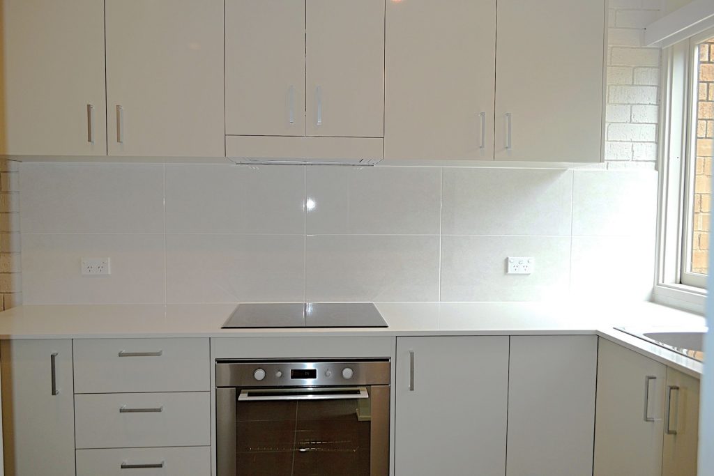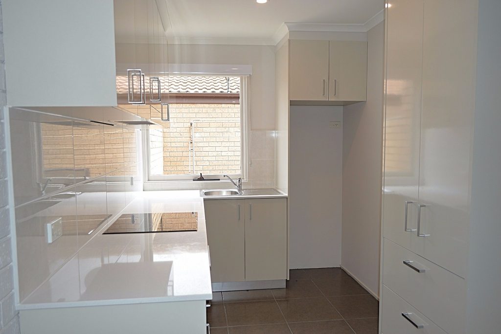 – Kitchen with electric cooking – stone benchtops & well designed cupboard space.
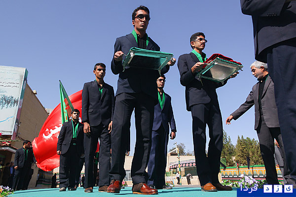 گزارش تصویری/ برافراشتن پرچم متبرک حضرت اباعبدالله الحسین(ع) در دبیرستان پسرانه شاهد شهید رمضان زاده
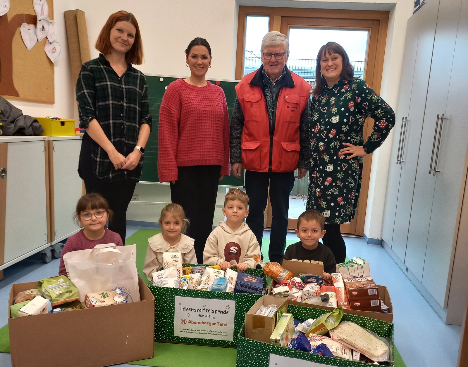 Auch in diesem Jahr hat der Elternbeirat des Kindergarten Regenbogenland wieder eine Spendenaktion für die Tafel Abensberg organisiert. Dabei sammelten die Eltern zahlreiche Lebensmittel und Hygieneartikel. Am Montag, den 08.12.2025, wurden die Spenden von der Tafel Abensberg abgeholt.
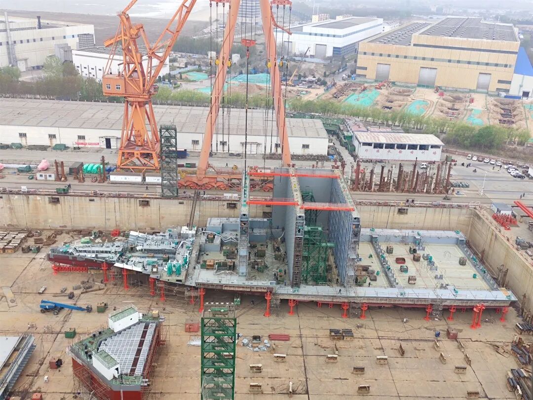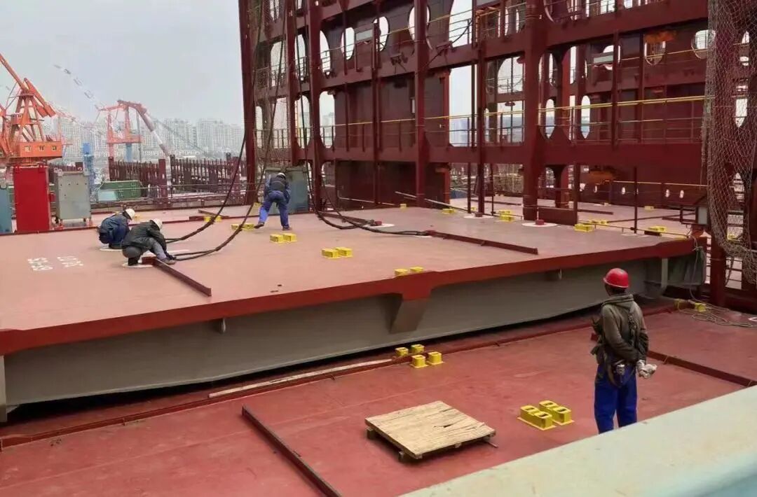 船坞二部在建的16000TEU集装箱船1号船试航状态良好,各单位通力配合,全力保障试航任务顺利完成;16000TEU集装箱船2号船各系统密性试验逐步进行,货舱舱盖施工及主机水下排正工作如火如荼进行;16000TEU集装箱船4号船坞内合拢工作全面展开,分段吊运对接施工有序进行,为轴舵系照光作业奠定基础;16000TEU集装箱船6号船总组工作持续推进,全力保证设备安装进度,提高总组完整性。

Prompt.
Restate exactly, and only, the lines from the one that holds "Auch in diesem" down to the last line of the material above. Omit the pictures.

Your solution.
 Auch in diesem Jahr hat der Elternbeirat des Kindergarten Regenbogenland wieder eine Spendenaktion für die Tafel Abensberg organisiert. Dabei sammelten die Eltern zahlreiche Lebensmittel und Hygieneartikel. Am Montag, den 08.12.2025, wurden die Spenden von der Tafel Abensberg abgeholt.
 船坞二部在建的16000TEU集装箱船1号船试航状态良好,各单位通力配合,全力保障试航任务顺利完成;16000TEU集装箱船2号船各系统密性试验逐步进行,货舱舱盖施工及主机水下排正工作如火如荼进行;16000TEU集装箱船4号船坞内合拢工作全面展开,分段吊运对接施工有序进行,为轴舵系照光作业奠定基础;16000TEU集装箱船6号船总组工作持续推进,全力保证设备安装进度,提高总组完整性。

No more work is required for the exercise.